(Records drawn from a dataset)
════

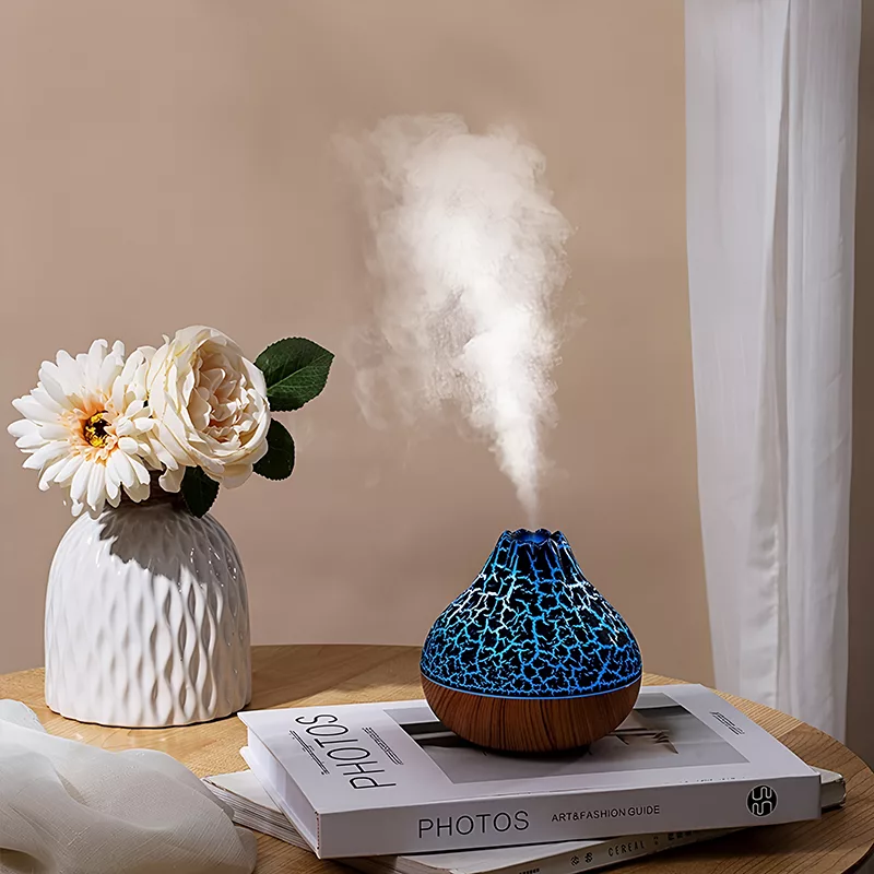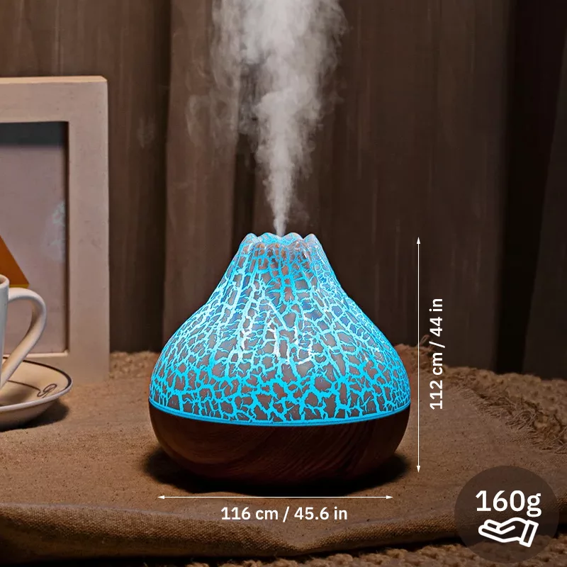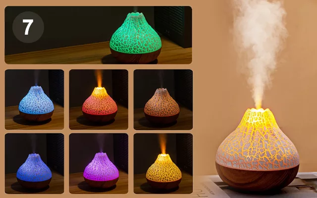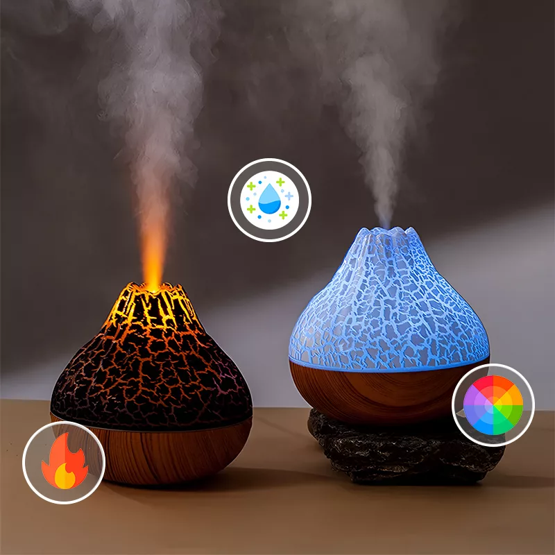 Mitt sovrum känns mycket mysigare med den här vulkanluftfuktaren. Den mjuka dimman hjälpte mot min torra näsa och de färgade lamporna är roliga på natten.
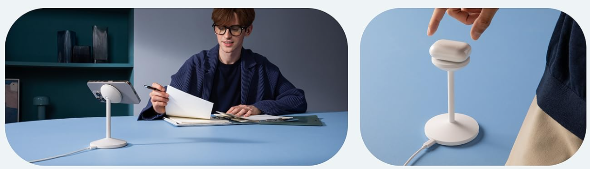 *the charging surface can be adjusted up to 70 degrees; set it horizontally to charge airpods, as simultaneous charging of devices is not supported.
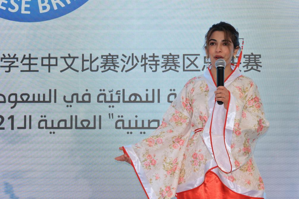 2022年7月20日,在沙特阿拉伯首都利雅得,參賽選手在“漢語橋”世界大學生中文比賽沙特賽區(qū)決賽中演講。新華社記者王海洲攝
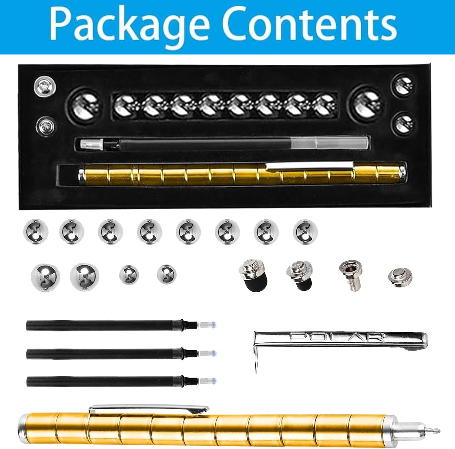 Complete Package: The fidget pen gift set includes 13 magnetic rings,10 large steel balls,2 small steel balls, 2 pen refills,2 touch screen pen tips,and a gift box
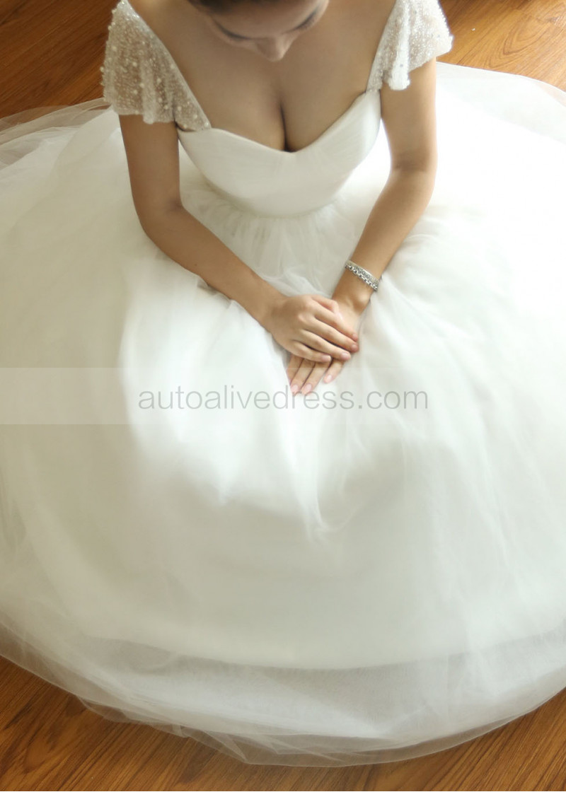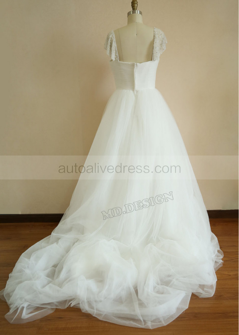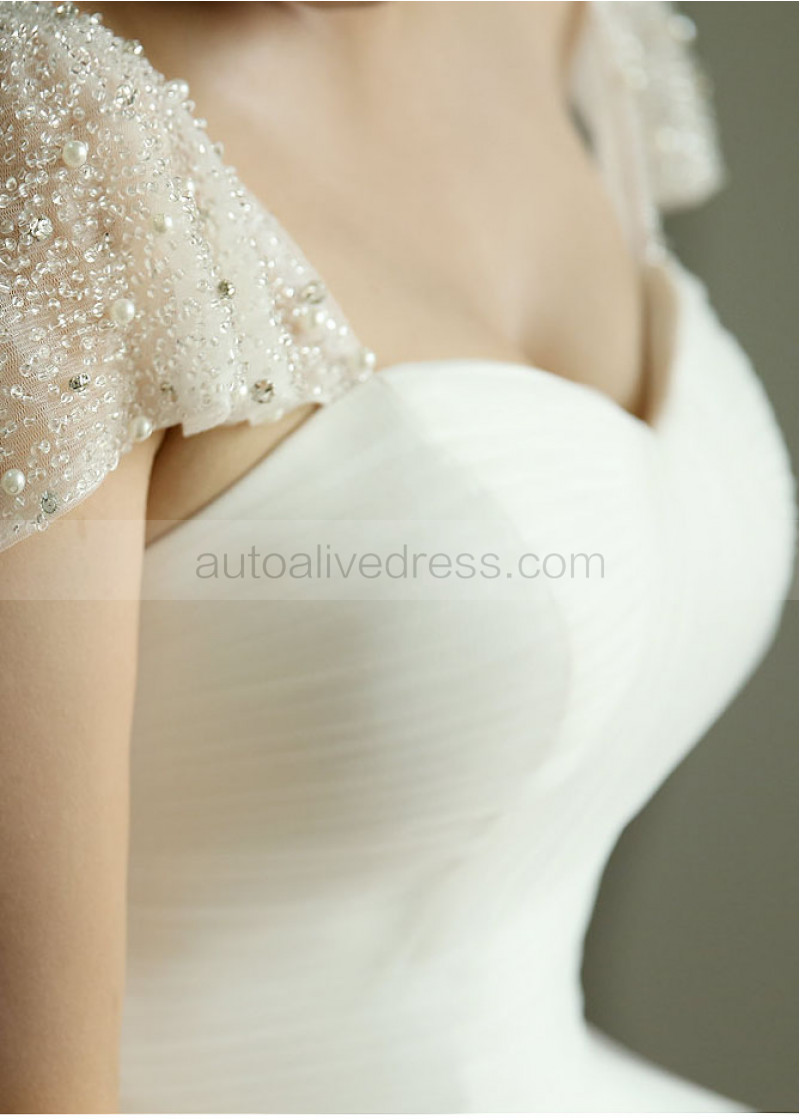 Cap Sleeves Ivory Tulle Pleated Shimmering Wedding Dress
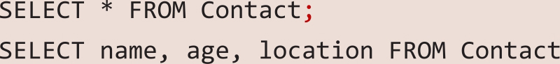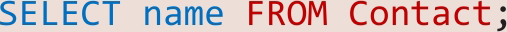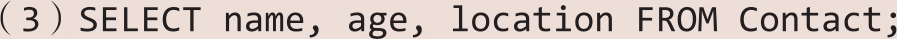 8. 正如本章导读中所提到的:关键词SELECT就像一只看不见的手,它随时听候我们的调遣,预备抓取信息。没错,但是想必同学们都很清楚,抓取这一行为的前提是告知从何处抓取,也就是事先告知这只手该伸向哪里。举例来讲,如果李乔丹想查看姑娘们的姓名信息,那么毫无疑问,Contact表中的name列就是被抓取的对象,而Contact表本身则是伸手操作的目标:

════

*Exercise description*: Of the records above, print only the lines from the one containing "2022年7月20日,在沙特" through the one containing "Cap Sleeves Ivory", inclusive and unaltered, leaving out pictures.

*Answer space*:
 2022年7月20日,在沙特阿拉伯首都利雅得,參賽選手在“漢語橋”世界大學生中文比賽沙特賽區(qū)決賽中演講。新華社記者王海洲攝
 Complete Package: The fidget pen gift set includes 13 magnetic rings,10 large steel balls,2 small steel balls, 2 pen refills,2 touch screen pen tips,and a gift box
 Cap Sleeves Ivory Tulle Pleated Shimmering Wedding Dress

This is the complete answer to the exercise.